→ **WHAT THE TASK REQUIRES**
Keep images out and repeat all data exactly.

◇ ◇ ◇ ◇ ◇ ◇ ◇

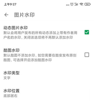 进去之后把“动态图片水印”那个开关给关掉就行。退回到发动态的界面,水印就没了,干干净净。
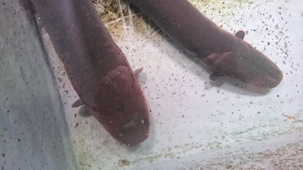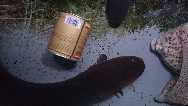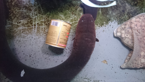 超極太な巨大デンキウナギが入荷です!頭の大きさがクリルの缶より全然大きいです!こんなのに感電させられたら死んじゃうかも!?一般の家庭よりも水族館とかそういう施設向きの魚かもしれませんね!?というわけで水族館の関係者の方、いかがですか??こんなサイズだともし輸入して仕入れたらとんでもない価格になてしまいますが、今回は国内で大きく育てられた飼い込み個体の為かなりお買い得です!もしご興味のある方はお問い合わせ下さい。ただし大きすぎて発送はできませんので取りに来れる方でお願いします。売れなかったら(まぁこんなの売れないでしょうね・・・。)お店のペットですね!?画像では全然大きさが伝わらないのが残念ですが、上段の画像です。
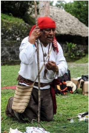 El Ajq’ij, el Sacerdote Maya. La palabra Ajq’ij proviene del idioma quiché y significa ‘contador de los días’. Es el guía espiritual, la persona encargada de llevar a cabo la ceremonia. Representa la sabiduría y tiene la capacidad de interpretar las señales del fuego, los mensajes del Ajaw y los ancestros. El guía se distingue de los demás miembros por el uso del Sut, un paño con el que cubre su cabeza, y el Pas o banda roja con que ciñe su cintura. Estos dos elementos de su vestimenta sirven para equilibrar sus energías durante las ceremonias. El color rojo representa la claridad, la fuerza.
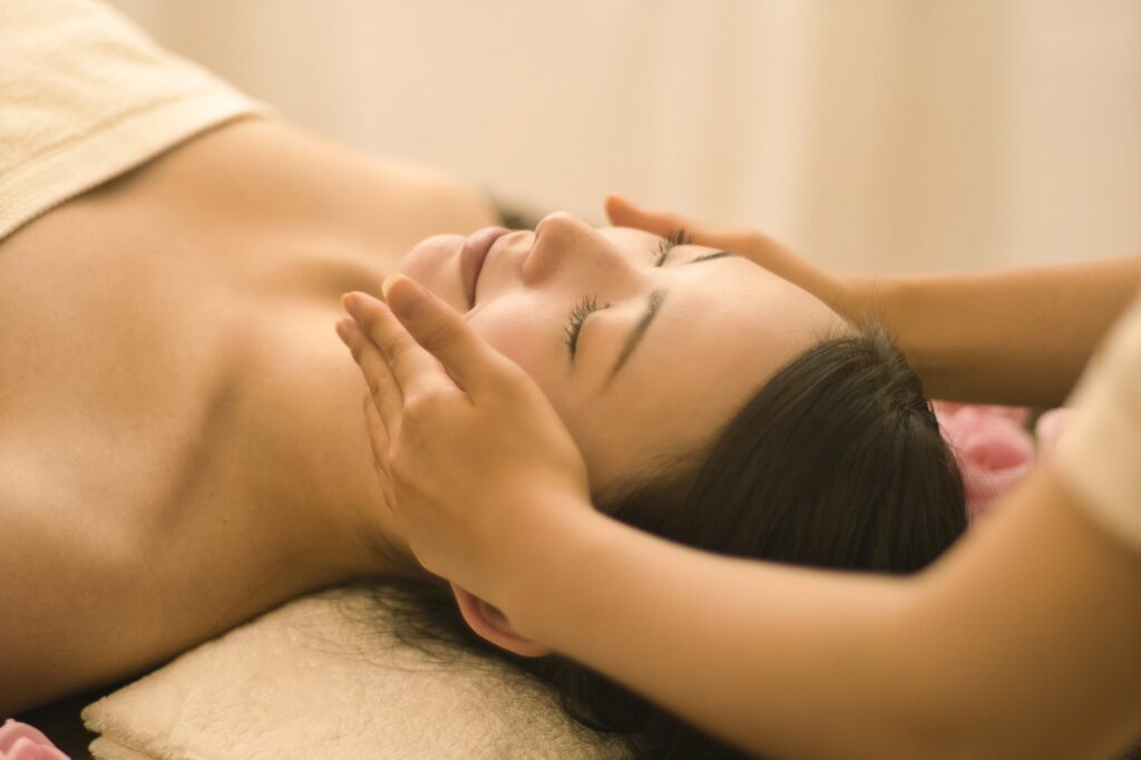 足のむくみケアの後、肩からうえのマッサージをさせてもらいます。あおむけや座ったままでの施術になります。
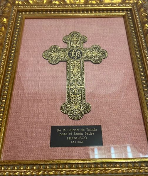 Una cruz damasquinada, obra del maestro Mariano San Félix, obsequio de la ciudad de Toledo al Papa Francisco

◇ ◇ ◇ ◇ ◇ ◇ ◇

→ **SOLUTION FOR THIS PROBLEM**
 进去之后把“动态图片水印”那个开关给关掉就行。退回到发动态的界面,水印就没了,干干净净。
 超極太な巨大デンキウナギが入荷です!頭の大きさがクリルの缶より全然大きいです!こんなのに感電させられたら死んじゃうかも!?一般の家庭よりも水族館とかそういう施設向きの魚かもしれませんね!?というわけで水族館の関係者の方、いかがですか??こんなサイズだともし輸入して仕入れたらとんでもない価格になてしまいますが、今回は国内で大きく育てられた飼い込み個体の為かなりお買い得です!もしご興味のある方はお問い合わせ下さい。ただし大きすぎて発送はできませんので取りに来れる方でお願いします。売れなかったら(まぁこんなの売れないでしょうね・・・。)お店のペットですね!?画像では全然大きさが伝わらないのが残念ですが、上段の画像です。
 El Ajq’ij, el Sacerdote Maya. La palabra Ajq’ij proviene del idioma quiché y significa ‘contador de los días’. Es el guía espiritual, la persona encargada de llevar a cabo la ceremonia. Representa la sabiduría y tiene la capacidad de interpretar las señales del fuego, los mensajes del Ajaw y los ancestros. El guía se distingue de los demás miembros por el uso del Sut, un paño con el que cubre su cabeza, y el Pas o banda roja con que ciñe su cintura. Estos dos elementos de su vestimenta sirven para equilibrar sus energías durante las ceremonias. El color rojo representa la claridad, la fuerza.
 足のむくみケアの後、肩からうえのマッサージをさせてもらいます。あおむけや座ったままでの施術になります。
 Una cruz damasquinada, obra del maestro Mariano San Félix, obsequio de la ciudad de Toledo al Papa Francisco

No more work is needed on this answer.